WHAT YOU WILL DO » Your answer must be an exact copy of the data below, minus any pictures.

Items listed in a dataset
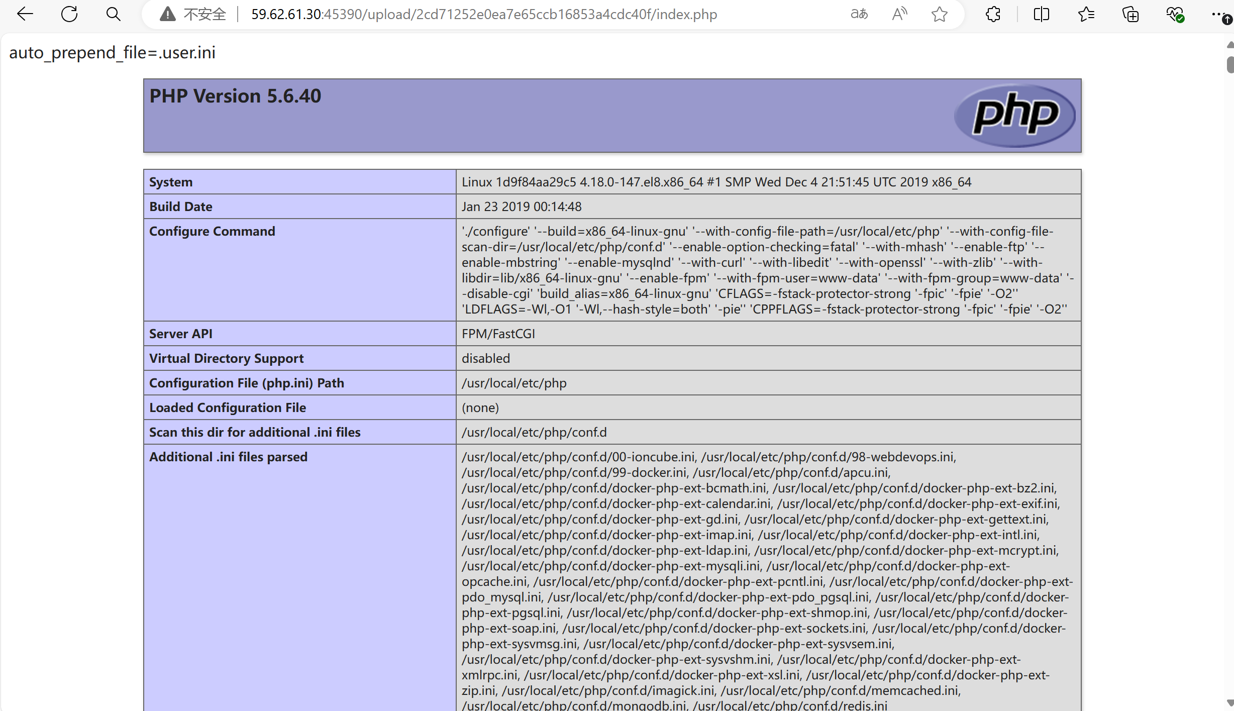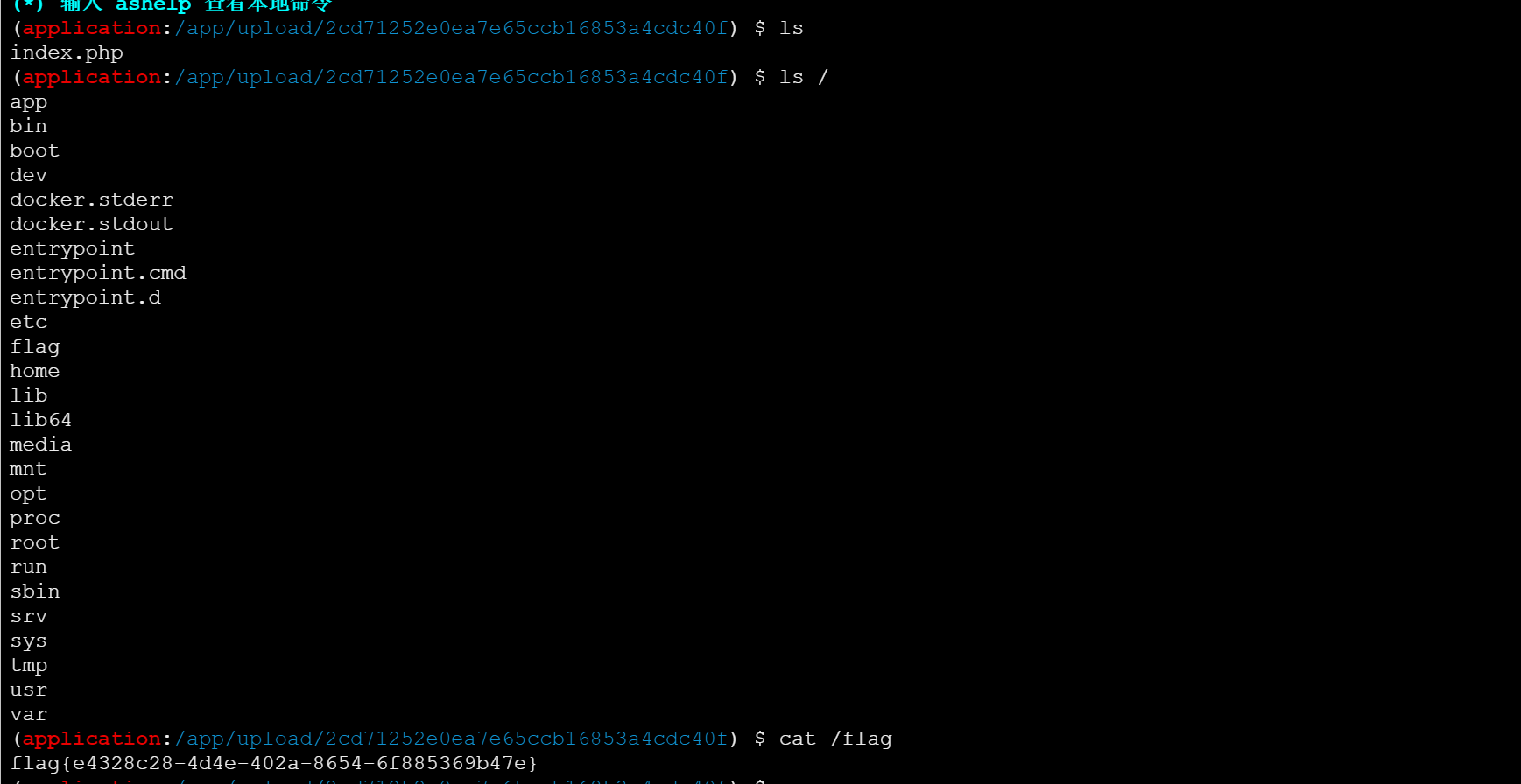 访问/upload/2cd71252e0ea7e65ccb16853a4cdc40f/index.php执行命令
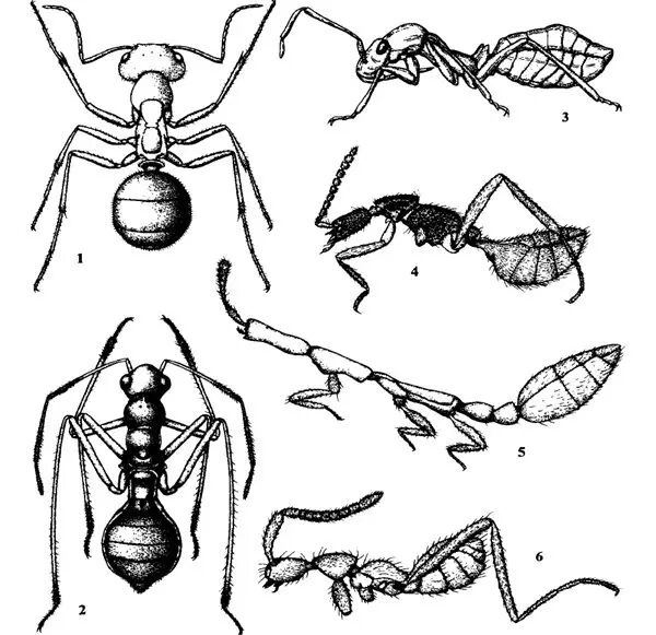 1.蚂蚁 2.一种盲蝽 3.一种半翅目昆虫 4、5、6.隐翅甲
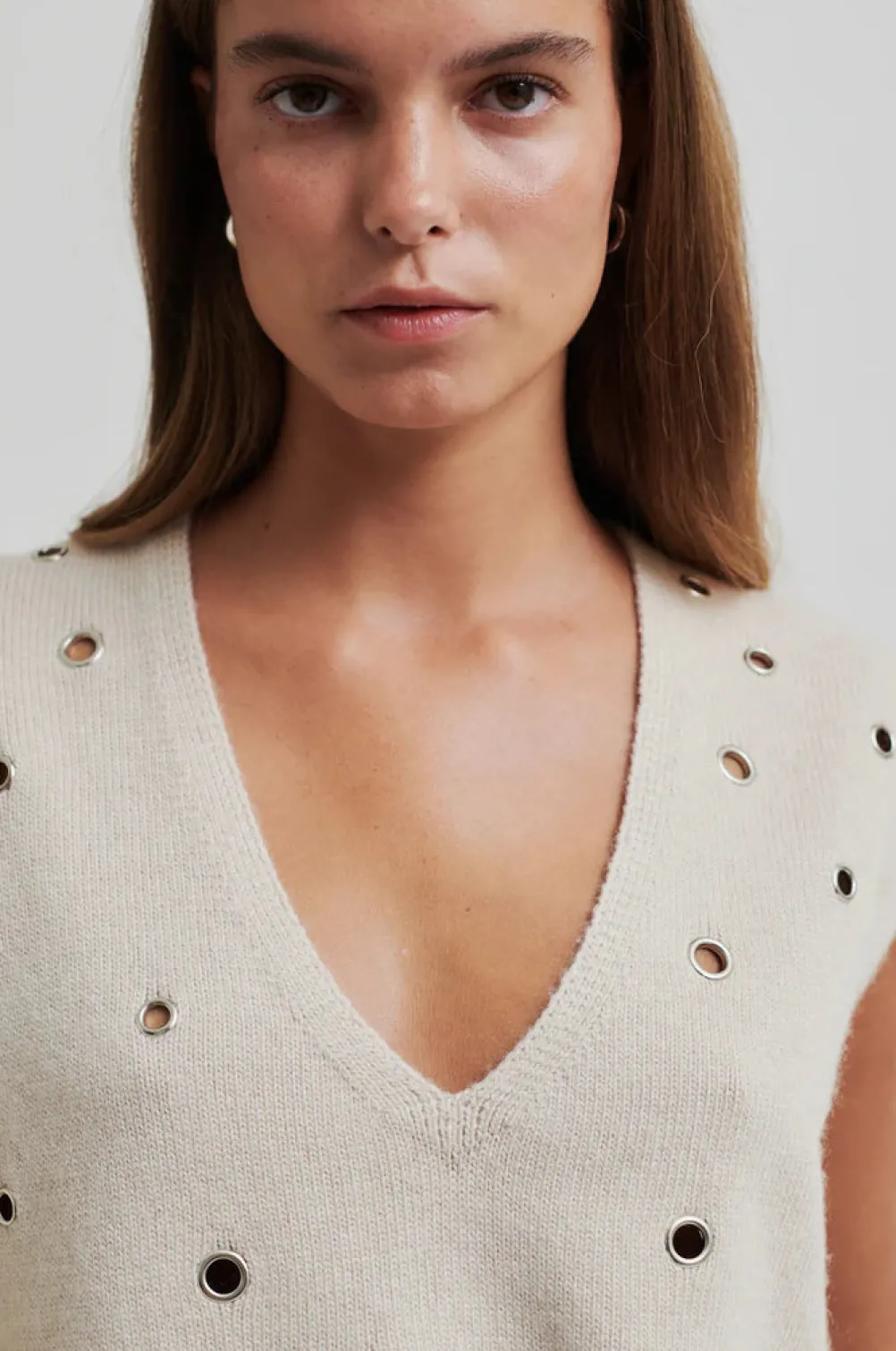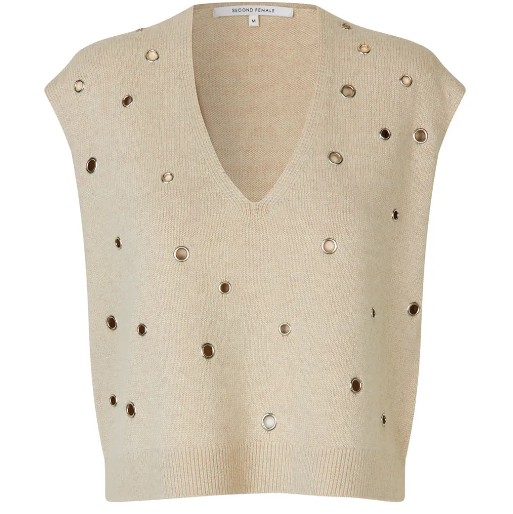 Cool strikket vest med fine detalher fra Second Female. Med dyb v-udskæring og små snøreringe. Style den over en skjorte eller brug den, som den er.
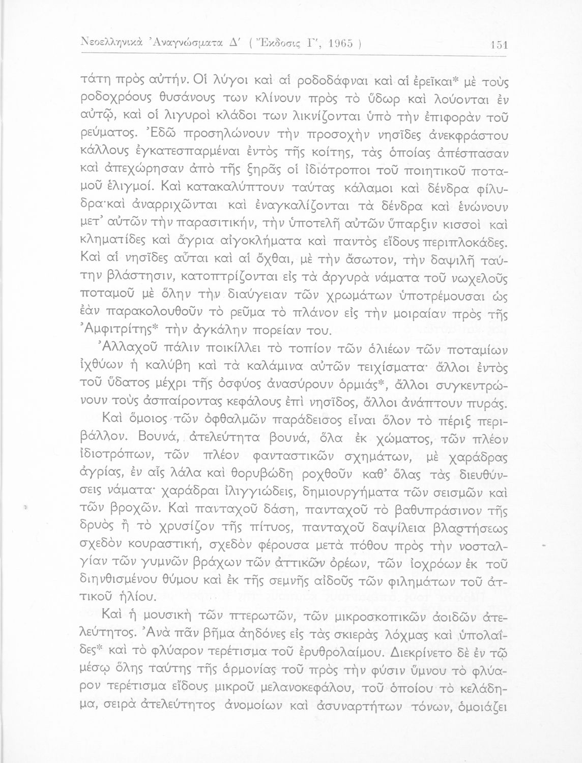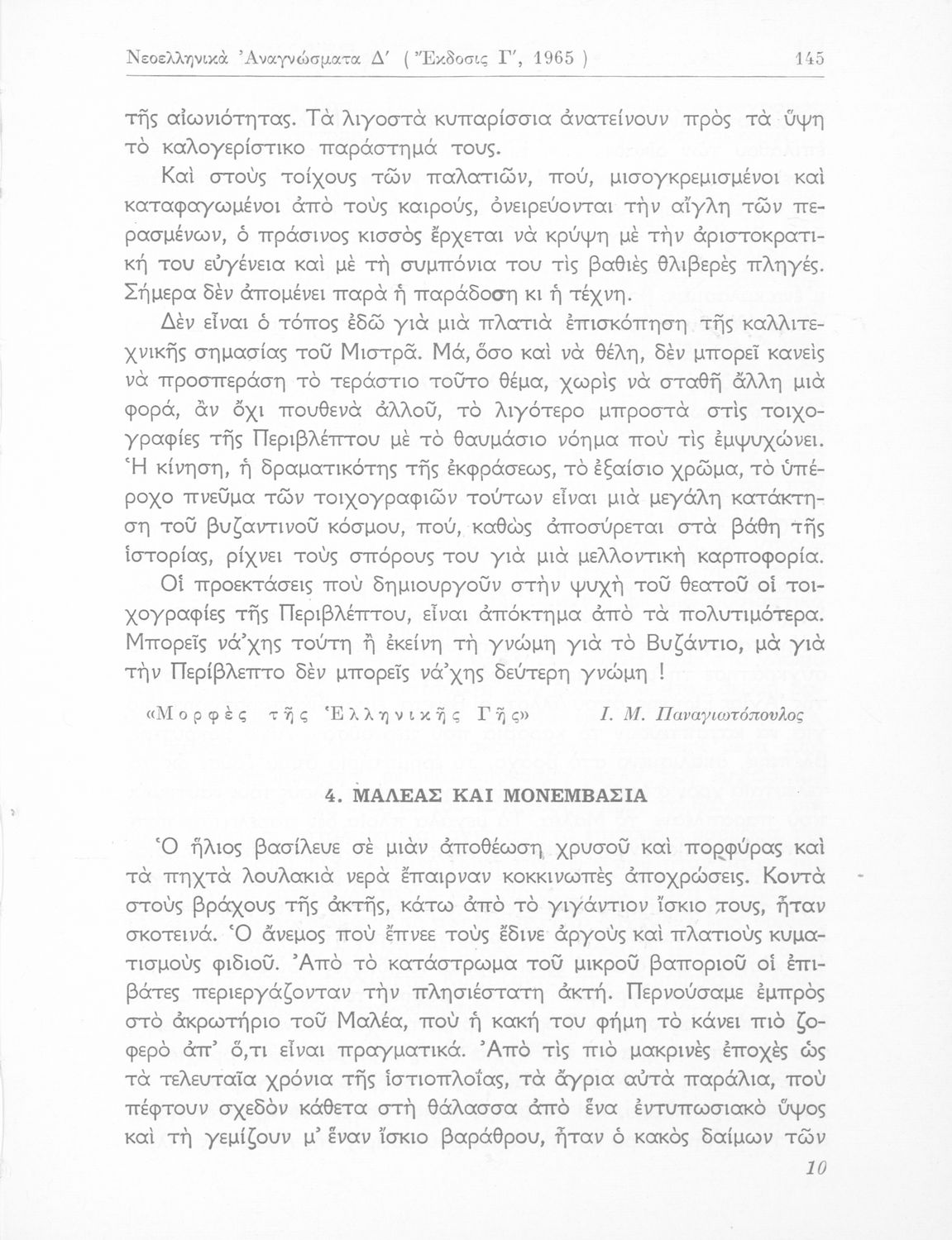 Σχολικό εγχειρίδιο Νέων Ελληνικών Δ' Γυμνασίου που περιλαμβάνει πεζά, ποιήματα και παροιμίες Ελλήνων συγγραφέων εμπνευσμένα από την θρησκευτική και κοινωνική ζωή, τη βυζαντινή ιστορία, την αρχαία και σύγχρονη ελληνική ιστορία, και την ελληνική φύση. Περιέχει παράρτημα με βιογραφίες των συγγραφέων και λεξιλόγιο.
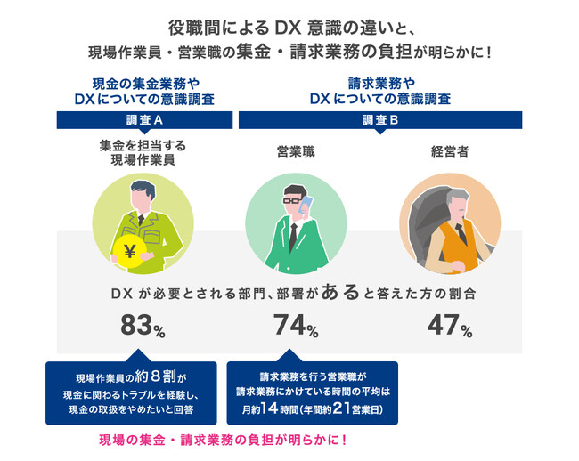 今回は、現金の集金業務(客先への訪問集金など)に携わる現場作業員を対象とした調査(「現金の集金業務やDXについての意識調査」(以下調査A))と、国内の企業で請求業務(請求、入金管理や督促など)に携わる経営者や営業職を対象とした調査(「請求業務やDXについての意識調査」(以下調査B))の2つの調査結果を公開いたします。
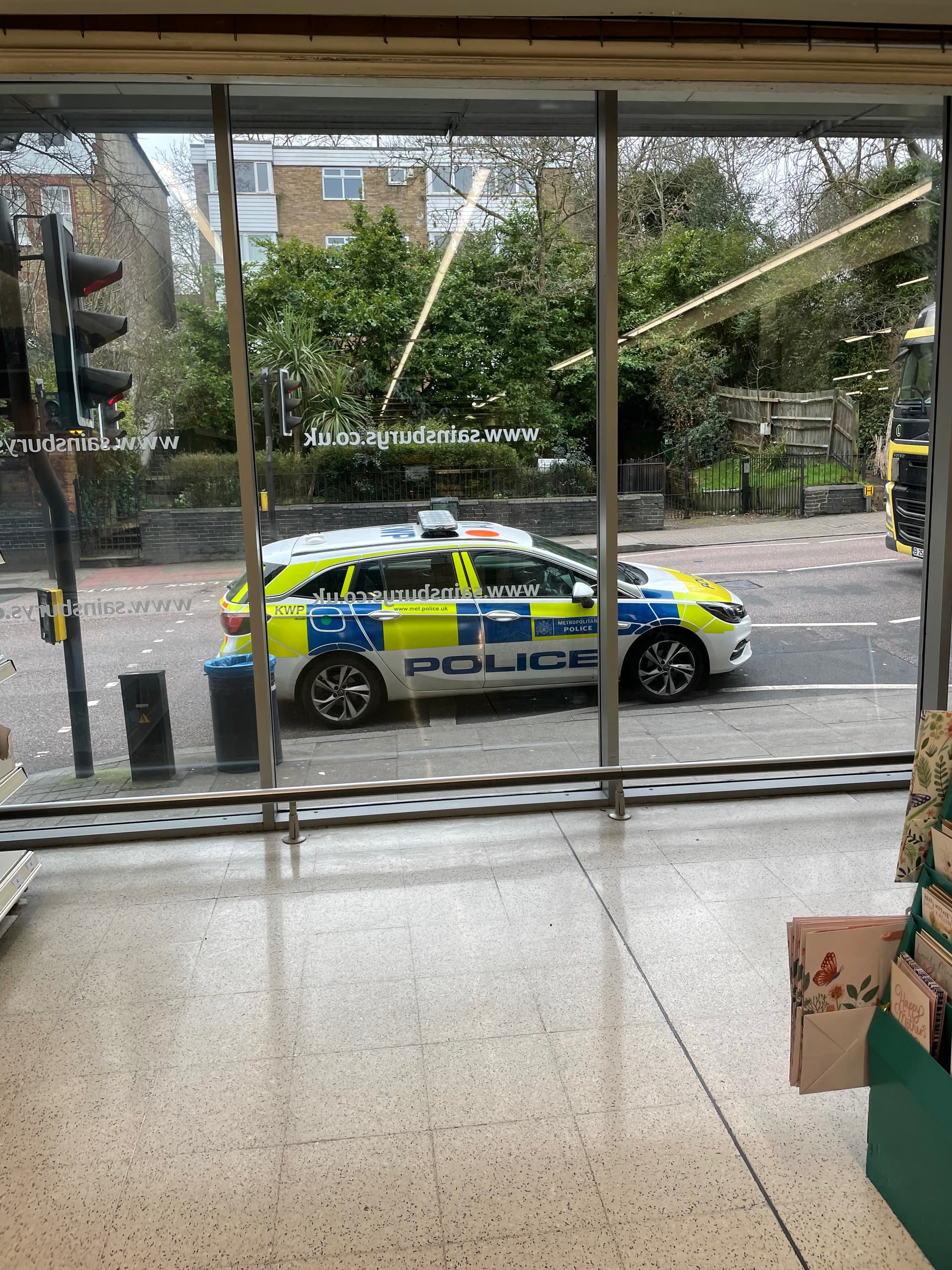 I know these officers were probably taking an advantage of a rare quiet moment. But I don’t think it’s ok to leave a police car on zebra’s, in a bus lane and with lights on when they’re not responding to an incident. Instead they’re buying cigarettes and sandwiches, which really doesn’t help the Mets current pr image. Kindly pull into a side street or use the car park like the rest of us.
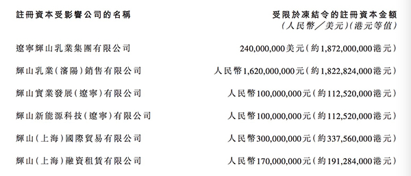 辉山乳业被冻结资产列表
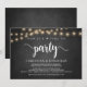 Maintenant, c'est l'heure de faire la fête, Annonce / Invitation de Mariage Intime, sur un tableau noir de ferme rustique, avec un design de guirlandes lumineuses. C'est parfait pour votre réception de mariage et votre fête de célébration post-mariage. Ajoutez vos détails dans la même police / lettrage.
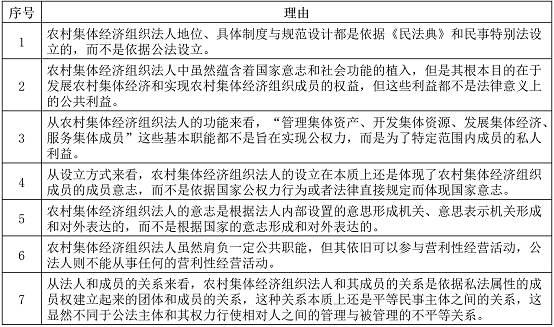 学界对于农村集体经济组织法人究竟属于公法人还是私法人存在争议。但无论从形式判断标准还是实质判断标准,认定农村集体经济组织法人属于私法人均更合理。理由见下表。
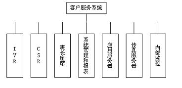 客戶服務(wù)中心系統(tǒng)由智能排隊(duì)機(jī)(含接入服務(wù)器)、核心服務(wù)器CTI、交互式語音應(yīng)答系統(tǒng)IVR、語音傳真服務(wù)器、業(yè)務(wù)服務(wù)器、工作流服務(wù)器、數(shù)據(jù)庫服務(wù)器、Internet/Intranet服務(wù)器、人工座席、尋呼機(jī)接口、手機(jī)短消息接口等組成。
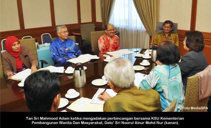 PUTRAJAYA, 15 Mei ------ Pengerusi S.P.A Tan Sri Mahmood Adam pagi ini telah mengadakan perjumpaan bersama Ketua Setiausaha Kementerian Pembangunan Wanita Dan Masyarakat, Dato’ Sri Noorul Ainur Mohd Nur. Turut hadir Setiausaha S.P.A Datuk Ramli Juhari dan Timbalan Setiausaha (Pengambilan) Zainal Abidin Ahmad. Perbincangan selama 25 minit yang diadakan di bilik Mesyuarat Pengerusi berakhir sebentar tadi. ------ MediaSPA

PROBLEM SOLUTION »
 访问/upload/2cd71252e0ea7e65ccb16853a4cdc40f/index.php执行命令
 1.蚂蚁 2.一种盲蝽 3.一种半翅目昆虫 4、5、6.隐翅甲
 Cool strikket vest med fine detalher fra Second Female. Med dyb v-udskæring og små snøreringe. Style den over en skjorte eller brug den, som den er.
 Σχολικό εγχειρίδιο Νέων Ελληνικών Δ' Γυμνασίου που περιλαμβάνει πεζά, ποιήματα και παροιμίες Ελλήνων συγγραφέων εμπνευσμένα από την θρησκευτική και κοινωνική ζωή, τη βυζαντινή ιστορία, την αρχαία και σύγχρονη ελληνική ιστορία, και την ελληνική φύση. Περιέχει παράρτημα με βιογραφίες των συγγραφέων και λεξιλόγιο.
 今回は、現金の集金業務(客先への訪問集金など)に携わる現場作業員を対象とした調査(「現金の集金業務やDXについての意識調査」(以下調査A))と、国内の企業で請求業務(請求、入金管理や督促など)に携わる経営者や営業職を対象とした調査(「請求業務やDXについての意識調査」(以下調査B))の2つの調査結果を公開いたします。
 I know these officers were probably taking an advantage of a rare quiet moment. But I don’t think it’s ok to leave a police car on zebra’s, in a bus lane and with lights on when they’re not responding to an incident. Instead they’re buying cigarettes and sandwiches, which really doesn’t help the Mets current pr image. Kindly pull into a side street or use the car park like the rest of us.
 辉山乳业被冻结资产列表
 Maintenant, c'est l'heure de faire la fête, Annonce / Invitation de Mariage Intime, sur un tableau noir de ferme rustique, avec un design de guirlandes lumineuses. C'est parfait pour votre réception de mariage et votre fête de célébration post-mariage. Ajoutez vos détails dans la même police / lettrage.
 学界对于农村集体经济组织法人究竟属于公法人还是私法人存在争议。但无论从形式判断标准还是实质判断标准,认定农村集体经济组织法人属于私法人均更合理。理由见下表。
 客戶服務(wù)中心系統(tǒng)由智能排隊(duì)機(jī)(含接入服務(wù)器)、核心服務(wù)器CTI、交互式語音應(yīng)答系統(tǒng)IVR、語音傳真服務(wù)器、業(yè)務(wù)服務(wù)器、工作流服務(wù)器、數(shù)據(jù)庫服務(wù)器、Internet/Intranet服務(wù)器、人工座席、尋呼機(jī)接口、手機(jī)短消息接口等組成。
 PUTRAJAYA, 15 Mei ------ Pengerusi S.P.A Tan Sri Mahmood Adam pagi ini telah mengadakan perjumpaan bersama Ketua Setiausaha Kementerian Pembangunan Wanita Dan Masyarakat, Dato’ Sri Noorul Ainur Mohd Nur. Turut hadir Setiausaha S.P.A Datuk Ramli Juhari dan Timbalan Setiausaha (Pengambilan) Zainal Abidin Ahmad. Perbincangan selama 25 minit yang diadakan di bilik Mesyuarat Pengerusi berakhir sebentar tadi. ------ MediaSPA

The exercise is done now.